Figure 10 Time series of the monthly averaged ΔP_s, T shift, large particle AOT at 1.6 µm from V02.90/91 and V03.00. The shades show ±1σ.

4.3 Comparison with TCCON measurements

The retrieved XCO₂ and XCH₄ are validated using the TCCON measurements in this section. The TCCON sites used in this study are listed in Table B1. The GOSAT measurements used for the comparisons are selected within ±2^∘ from each TCCON site. The TCCON measurements within ±30 min from the GOSAT measurement time are averaged for comparison. We used the data from the launch to 2021. Currently, the newest TCCON product, version GGG2020, is provided, and we used this version in this analysis. However, not all sites have produced their full GGG2020 time series at the time of writing. The main changes between GGG2020 and the previous version, GGG2014, are found on the TCCON wiki page (https://tccon-wiki.caltech.edu/Main/DataDescriptionGGG2020, last access: 13 March 2023). The data amount of GGG2020 is currently smaller than that of GGG2014 because of stricter quality control processes, but much of these data should be recovered in the near future.

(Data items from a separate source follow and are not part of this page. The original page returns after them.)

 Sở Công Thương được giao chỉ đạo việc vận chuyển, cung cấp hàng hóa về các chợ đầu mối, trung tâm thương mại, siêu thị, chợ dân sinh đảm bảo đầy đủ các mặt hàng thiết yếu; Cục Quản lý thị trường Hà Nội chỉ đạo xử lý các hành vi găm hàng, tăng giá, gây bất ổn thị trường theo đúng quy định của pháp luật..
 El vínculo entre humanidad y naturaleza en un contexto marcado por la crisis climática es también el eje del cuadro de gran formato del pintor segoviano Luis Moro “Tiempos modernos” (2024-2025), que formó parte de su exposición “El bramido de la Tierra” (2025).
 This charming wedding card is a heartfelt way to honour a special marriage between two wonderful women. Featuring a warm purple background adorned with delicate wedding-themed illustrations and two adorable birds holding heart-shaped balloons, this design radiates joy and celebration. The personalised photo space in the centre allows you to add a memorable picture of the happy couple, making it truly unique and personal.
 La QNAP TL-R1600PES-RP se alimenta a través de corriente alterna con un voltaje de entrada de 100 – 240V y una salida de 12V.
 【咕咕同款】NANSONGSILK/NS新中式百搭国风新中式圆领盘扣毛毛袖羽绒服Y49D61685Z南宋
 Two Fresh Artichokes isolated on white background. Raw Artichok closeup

In particular, measurements collected before 2011 are sparse.

The comparison results for V03.00 and V02.90/91 versus TCCON are shown in Table 6. Bias means the average of the differences between GOSAT and TCCON, and the standard deviations are calculated from these differences. The GOSAT measurements are categorized according to the surface state and the gain (high: H or middle: M) setting of the FTS measurement. The observations containing both the land and ocean surfaces in the instantaneous field of views of TANSO–FTS are not used here. The number of observations with gain H from V03.00 is larger than that from V02.90/91 over land. On the other hand, those with gain M from V03.00 are slightly smaller than those from V02.90/91. The sites used for gain M are only two sites, Pasadena and Jet Propulsion Laboratory (JPL), which are very close to each other and located near Los Angeles. Over the ocean, the number of observations from V03.00 decreases. There are no substantial changes in the standard deviations of the differences for XCO₂ and XCH₄ in all the situations (slightly worse in V03.00), although the biases are different between V03.00 and V02.90/91 in some cases.

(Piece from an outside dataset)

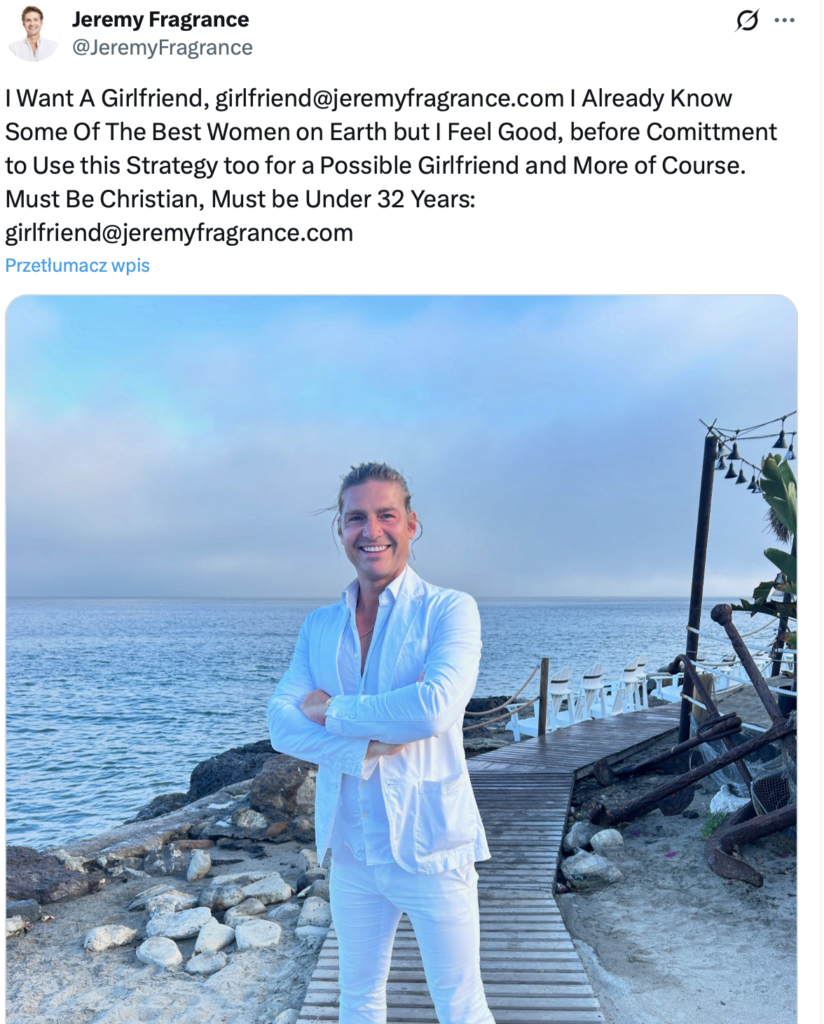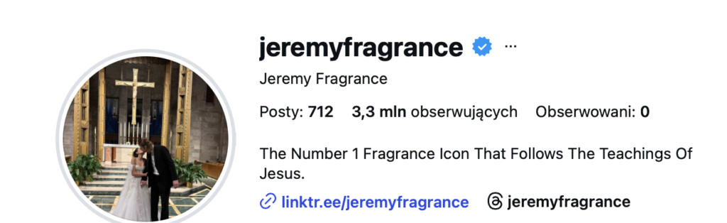 Jeremy Fragrance, urodzony jako Daniel Średziński, to postać, której kariera w social mediach jest równie olśniewająca co burzliwa.Mężczyzna stał się globalną ikoną w niszy perfumeryjnej, jednak na skutek dziwnych zachowań z poważanego eksperta stał się internetowym pariasem. W końcu przeżył jednak nawrócenie i stał się gorliwym chrześcijaninem. Parę miesięcy temu ogłosił nawet, że szuka żony – koniecznie młodej chrześcijanki. I wszystko wskazuje na to, że ją znalazł.

Table 6 Validation results of V03.00 and V02.90/91 against the TCCON measurements version GGG2020 with the match-up condition of ±2^∘. The mean values of the differences between TCCON and GOSAT (bias) and their standard deviations (SD) are shown for each combination of surface conditions and gain settings.

The biases and standard deviations of the XCO₂ from V03.00 are close to those from V02.90/91 over land. Considering these results, the XCO₂ from V03.00 has similar qualities as that from V02.90/91 over land. Meanwhile, the bias of the XCO₂ from V3.00 is larger and more negative than that from V02.90/91 over the ocean. This issue is consistent with the results presented in Sect. 4.2 and is because of the fitting accuracy shown in Sect. 4.1. Therefore, the bias correction seems necessary for the XCO₂ from V03.00 over the ocean.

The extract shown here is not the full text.